What I do is build an Excel spreadsheet and keep track of the daily cards. It's quite useful because over time it tells me which arcana type, suit, number etc appears more often in my readings. And quite there are a few cards that keep appearing more often than others or even two or three days consecutively. Another example, a few weeks ago I had asthma attacks and the pentacles (health related) kept showing quite often until I got better.
 

Barleywine

I second study of the Tree of Life in conjunction with contemplation of the cards. Although I came to the Thoth early, I was already eyeball-deep in the Hermetic Qabalah, so it kind of just got entrained in all of that. These days, I get the most mileage out of using the Thoth deck in support of my contributions to the Your Readings sub-forum, and in the usually denser debates in the Thoth sub-forum.
 

Zephyros

With me it was the other way 'round. I discovered the Thoth, waded through Duquette's book about it and decided that to do it justice I needed an at least passing familiarity with the Tree of Life. So I took a few months off the deck to study some books about Qabalah and then went back to the Thoth proper.

I found that drawing the Tree and putting it on the wall really helped and I still just look at it at times and muse over the different connections it makes.
 

smw

studying the Tree of life is an essential part of exploring the Thoth for me too. In some ways for me it is a little like coming full circle and picking up threads I dropped when I was younger. I remember being really excited on coming across the Tree thinking it was the golden key to everything. I made my way up to a book shop in central London (no internet then) I think it was Atlantis. In my memory, which may be playing tricks on me, there was a really tall, topless man with a white turban behind the counter, not serving, just standing there silently. In my youthful very overactive imagination, I thought I felt slightly nauseous outside and worried that maybe I was a bad person and that his presence had pulled out inner yucky stuff. Not that I had a clue what that might have been though...

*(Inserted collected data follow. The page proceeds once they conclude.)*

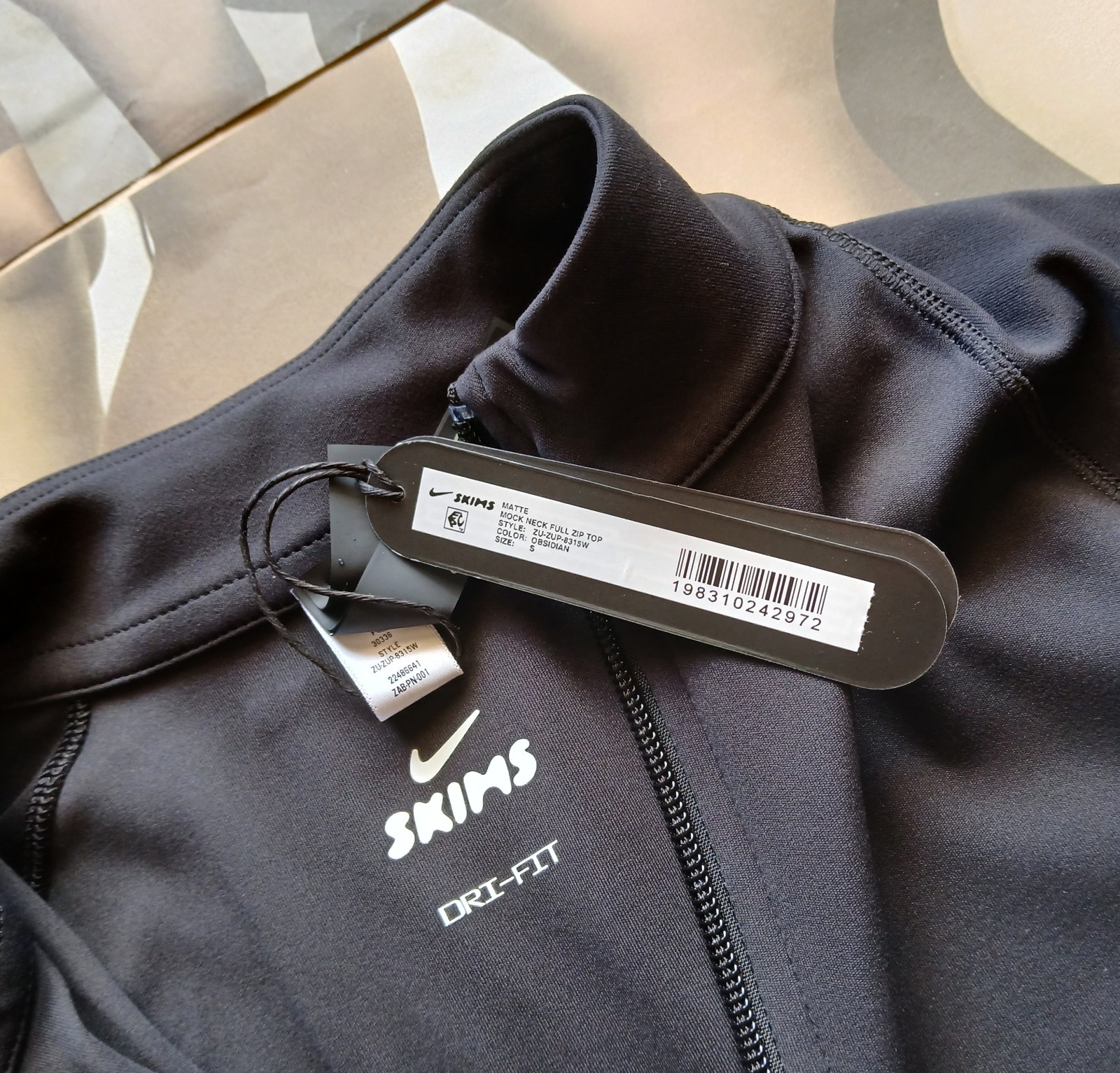NWT, unworn and 100% authentic NikeSKIMS Matte Mock Neck Full Zip Jacket in color Obsidian size Small.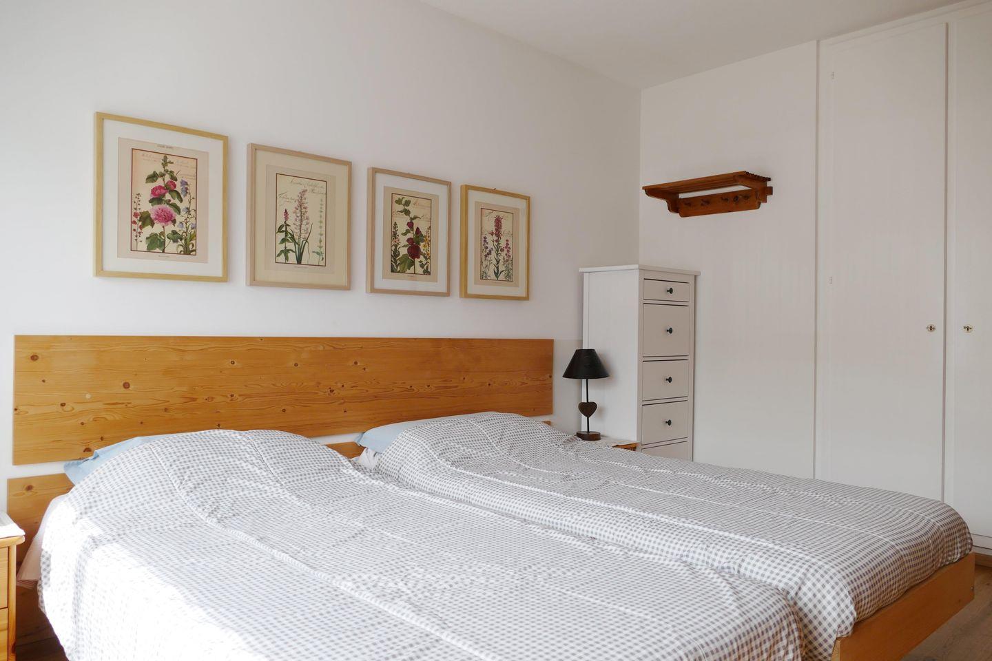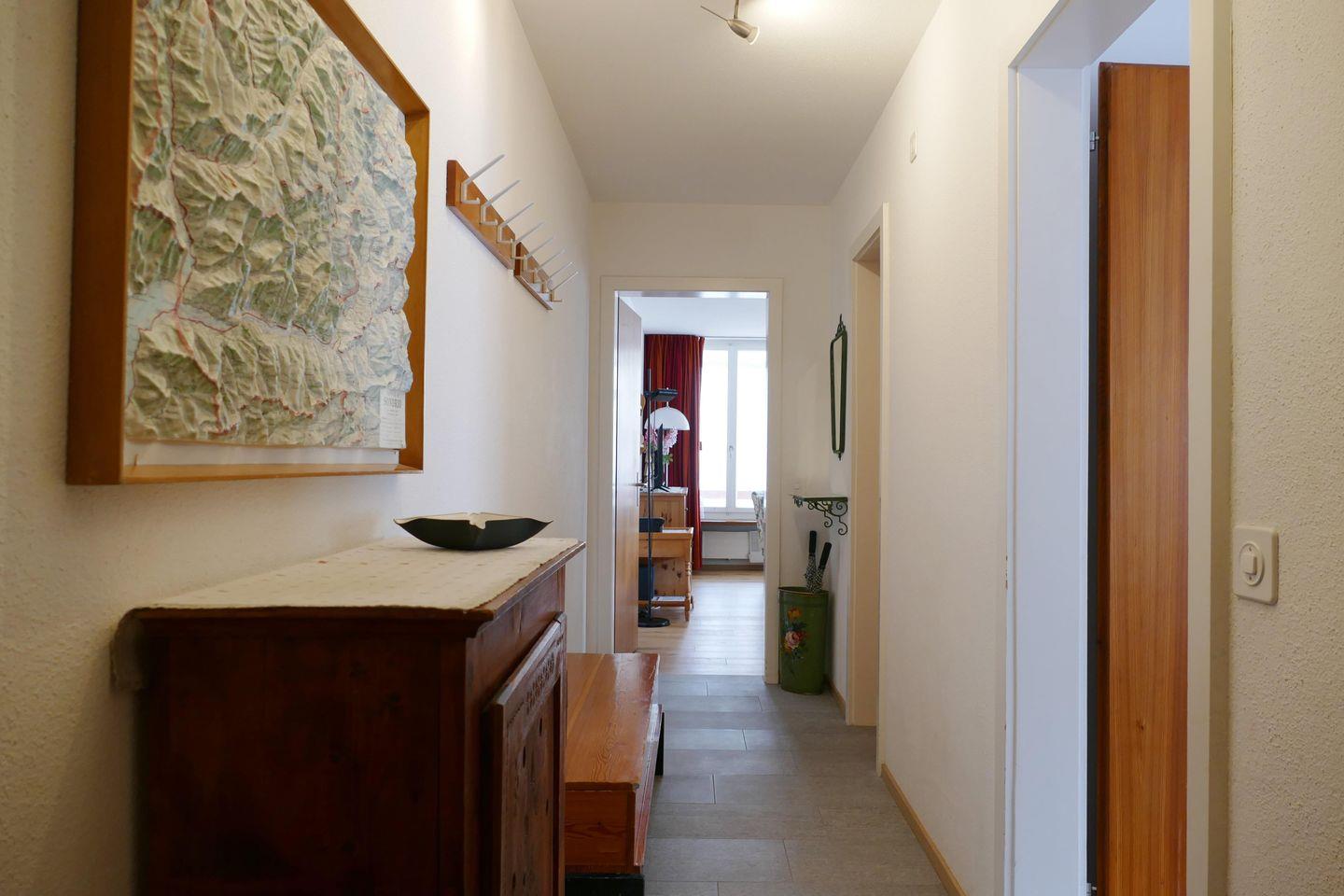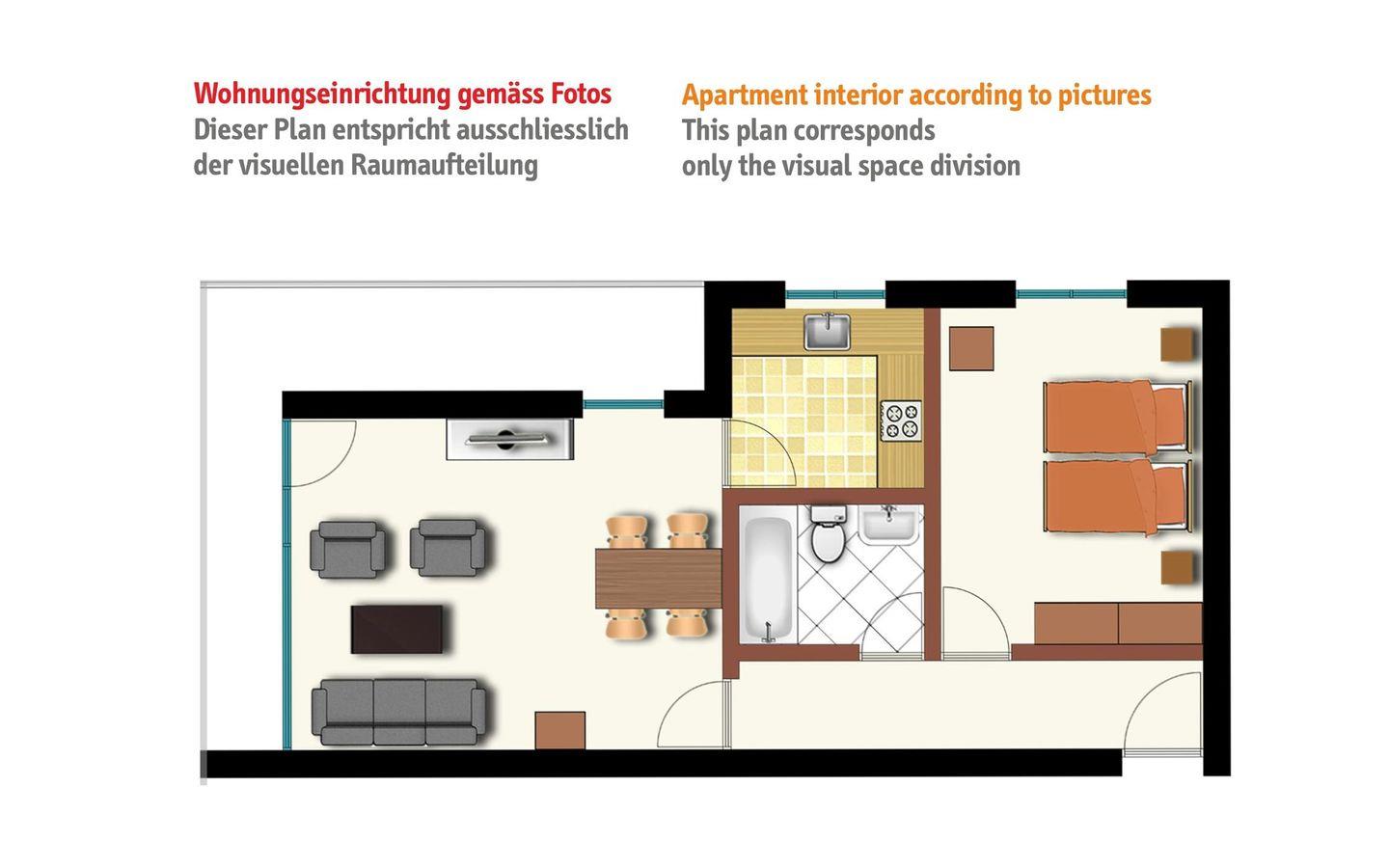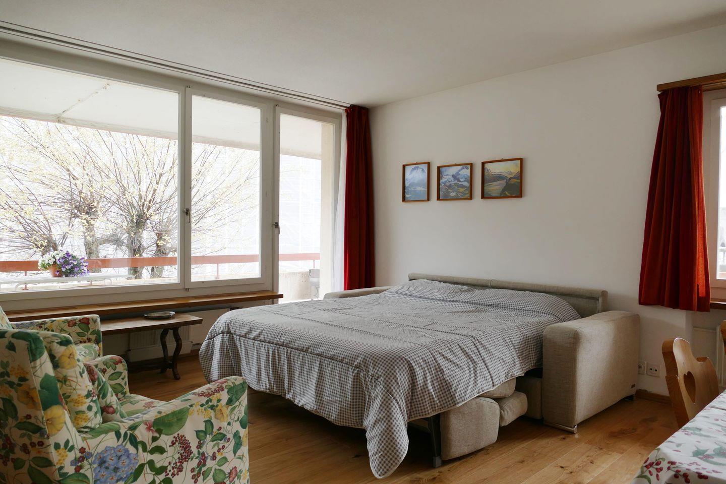 Zweckmässige 2-Zimmer Ferienwohnung im 1. Stock. Ca. 54 m2. Wohn-/ Esszimmer mit Sofabett. Doppelschlafzimmer. Balkon Süd. Separate Küche mit Geschirrspüler, Bad/Dusche, WC. Lift.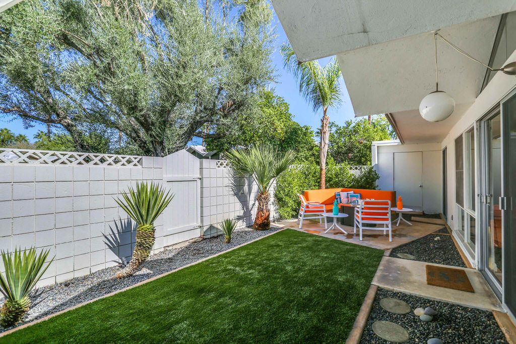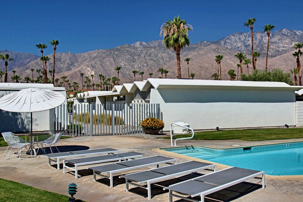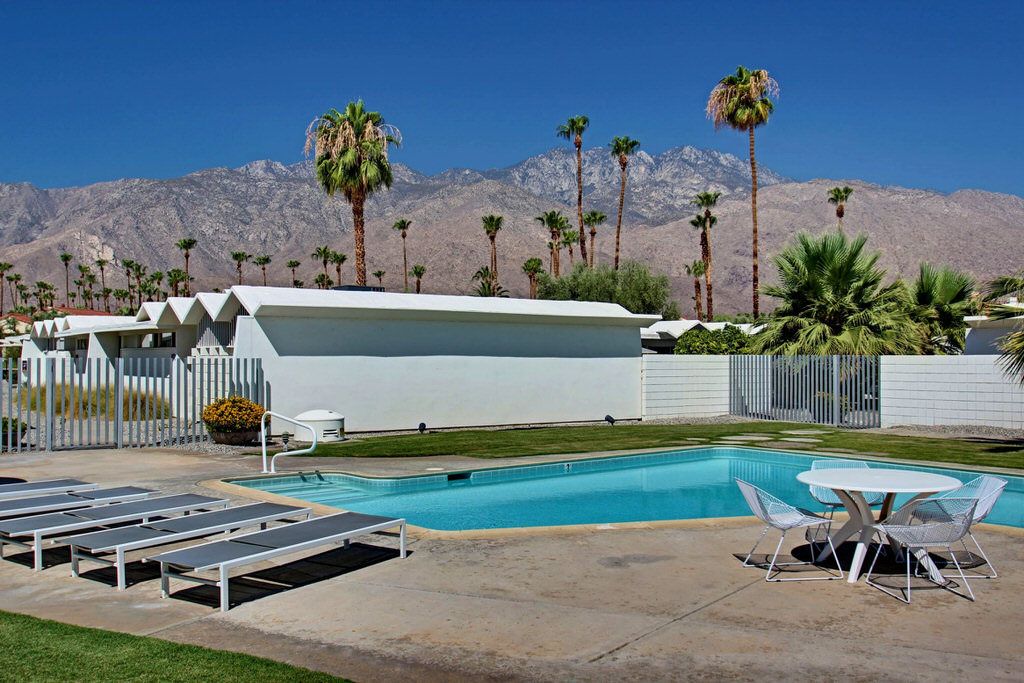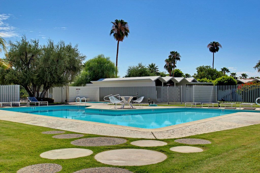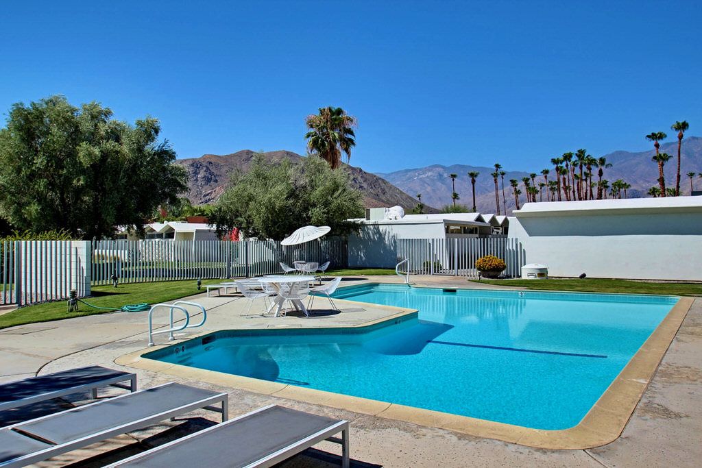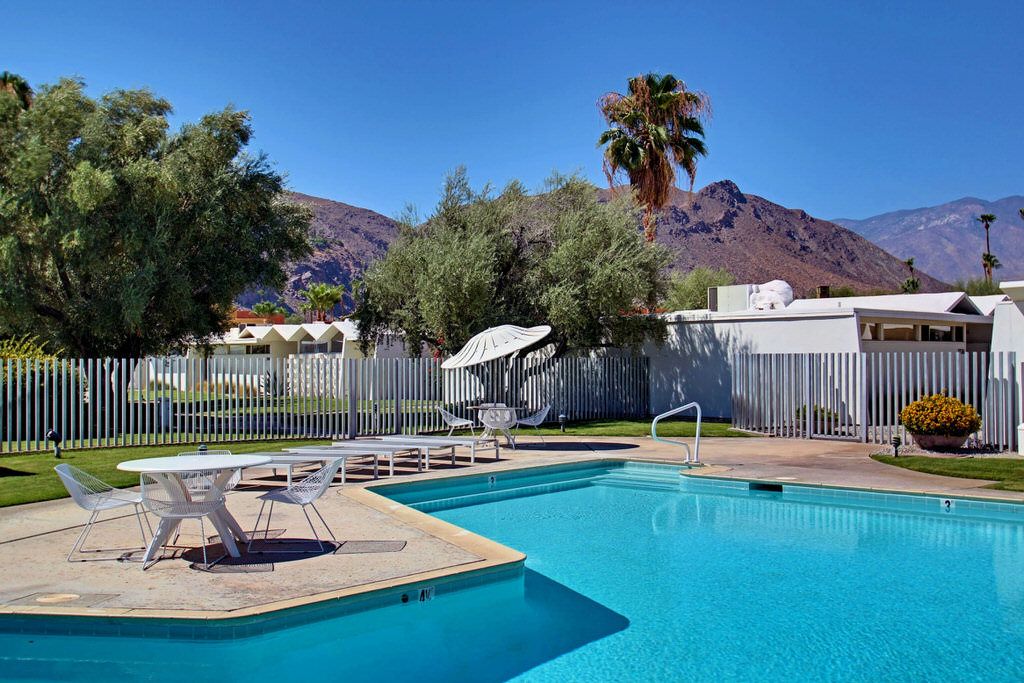 Positioned steps from the pool and spa, this unit truly is an homage to the mid-century esthetic and is not to be missed The grounds are also impeccable; meandering walkways are highlighted by a fusion of cool green grass and desert landscape. A large pool area with stunning mountain views complete this idyllic Palm Springs destination.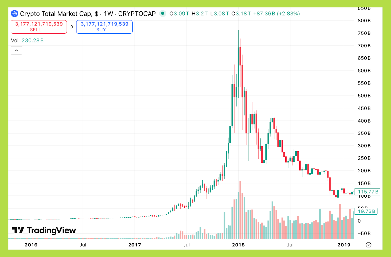 Chu kỳ 4 năm từng hoạt động hiệu quả vì bối cảnh thị trường khi đó cho phép. Giai đoạn 2012-2016, vốn hóa toàn thị trường crypto chỉ ở mức vài tỷ đến vài chục tỷ USD; ngay cả tại đỉnh 2017-2018, tổng vốn hóa cũng chỉ khoảng 830 tỷ USD - nhỏ hơn vốn hóa của một số cổ phiếu công nghệ lớn hiện nay.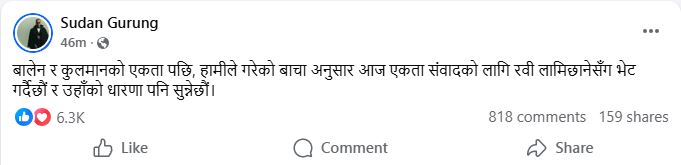 गुरुङले सामाजिक सञ्जालमार्फत लेख्दै बालेन–कुलमान सहकार्यलाई निरन्तरता दिँदै राष्ट्रिय हितका विषयमा सहमतिको दायरा विस्तार गर्न रवी लामिछानेसँग छलफल गर्न लागिएको स्पष्ट पारेका छन्।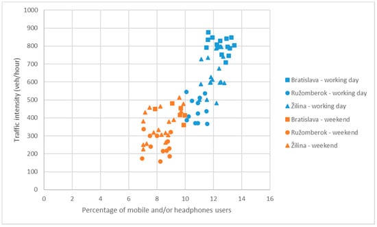 Figure 5 describes correlation between the traffic intensity (volume of vehicles that passed observed pedestrian crossings) and the percentage of pedestrians who used a mobile phone and/or headphones (from all the persons observed at pedestrian crossings) during the implementation of the present study.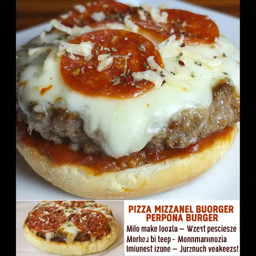 Description: Savory beef-sausage patties topped with marinara, melted cheese, and pepperoni—your two faves in one epic handheld! This recipe combines the best of both worlds: the satisfying heartiness of a burger with the irresistible flavors of pizza. Imagine sinking your teeth into a juicy, perfectly seasoned patty, blanketed in gooey mozzarella, tangy marinara sauce, and crispy pepperoni slices, all nestled between toasted burger buns. This isn’t just a meal; it’s an experience that will tantalize your taste buds and leave you craving more. Whether you’re hosting a casual gathering, looking for a fun family dinner, or simply want to treat yourself, this Pizza Burger is sure to be a crowd-pleaser. It’s easy to make, customizable to your preferences, and guaranteed to deliver a burst of flavor in every bite. Get ready to elevate your burger game with this epic fusion creation!

I think I came away with Israel Regardie's Tree of life which at the time I didn't understand a word of, so dense, and it sat getting dusty on my bookshelves for the next couple of decades or so. I still haven't really read it properly so I might have to get down to that.

eta.. I had previously bought Regardie's Foundations of Practical Magic, which I think is what introduced me to the Tree. I really liked his connection to healing and I must have been learning the Tree as I am looking at some scribbles now on the Sephiroth. I noticed I underlined " In all things, great and small, I see the beauty of the Divine expression" which apparently is from Paul F. Case's 'Pattern on the Trestleboard' on the Truth about the Self. (Reproduced with permission in his book).
 

Barleywine

If I recall, Dion Fortune, William Gray and Paul Foster Case softened me up for Regardie, which I believe I was reading at the time I discovered the Book of Thoth. I'm pretty sure it was Regardie who suggested that the Tree of Life is a bottomless filing cabinet capable of holding every conceivable idea in the universe. That has stuck with me ever since, although I've come to a much more organic appreciation of it through Crowley and others.